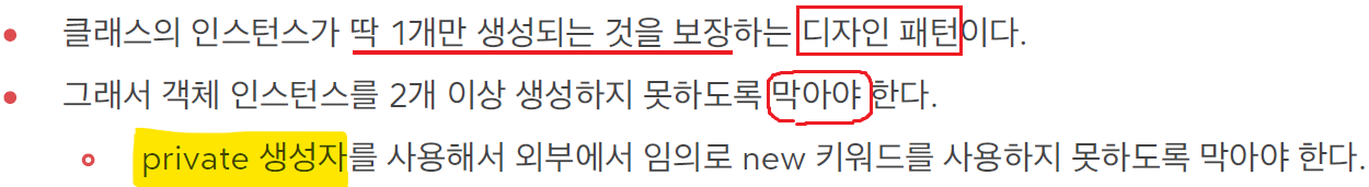 //3. 생성자를 private으로 선언해서 외부에서 new 키워드를 사용한 객체 생성을 못하게 막는다.
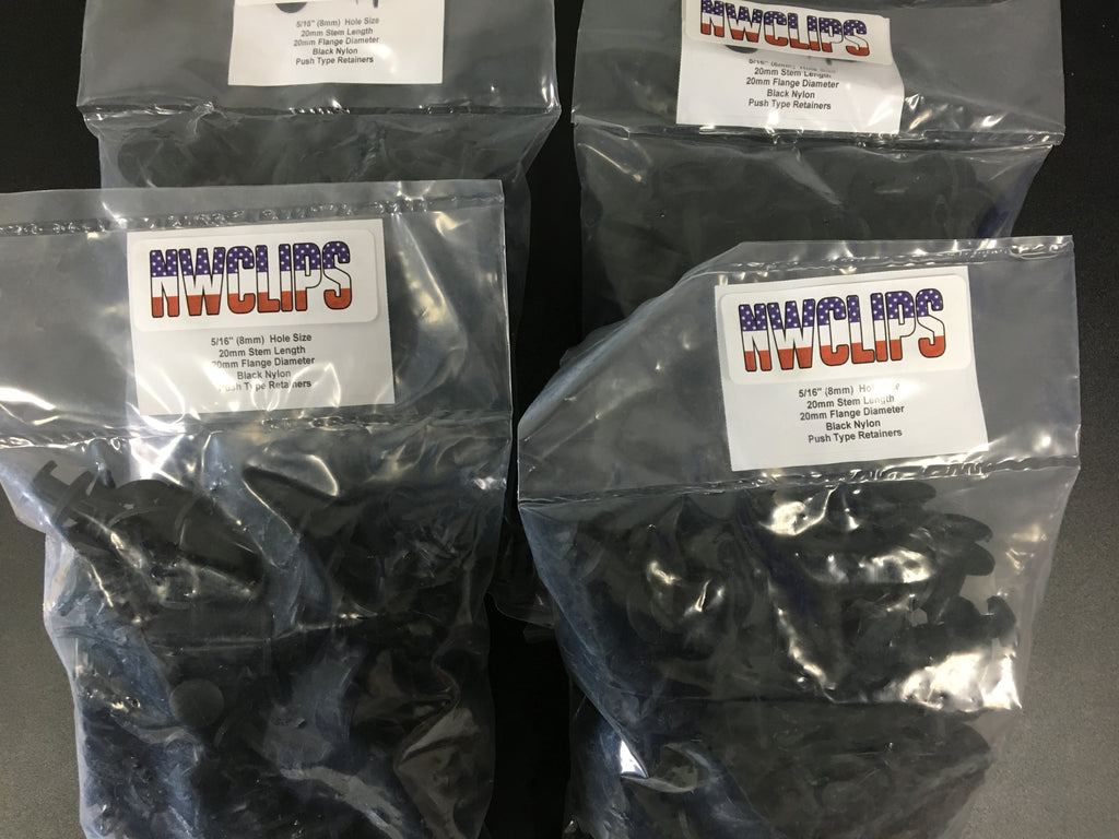 C40x100 - Chrysler, Ford, GM & VW Bumper & Fender Black Nylon Push Clips
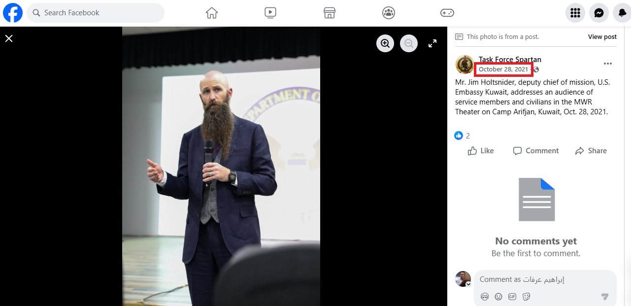 وأوضح التعليق المرفق سياق الصورة، اذ تم التقاطها خلال مخاطبة جيم هولتسنايدر، نائب رئيس البعثة الديبلوماسية في السفارة الاميركية بالكويت آنذاك، عسكريين ومدنيين في مسرح مركز الترفيه والرفاهية (MWR) داخل معسكر عريفجان بالكويت، في 28 تشرين الأول/اكتوبر 2021.

TASK INSTRUCTIONS
From the first line above through the line containing "C40x100 - Chrysler, Ford, GM", copy everything exactly, without the pictures.

COMPLETED EXERCISE
 //3. 생성자를 private으로 선언해서 외부에서 new 키워드를 사용한 객체 생성을 못하게 막는다.
 C40x100 - Chrysler, Ford, GM & VW Bumper & Fender Black Nylon Push Clips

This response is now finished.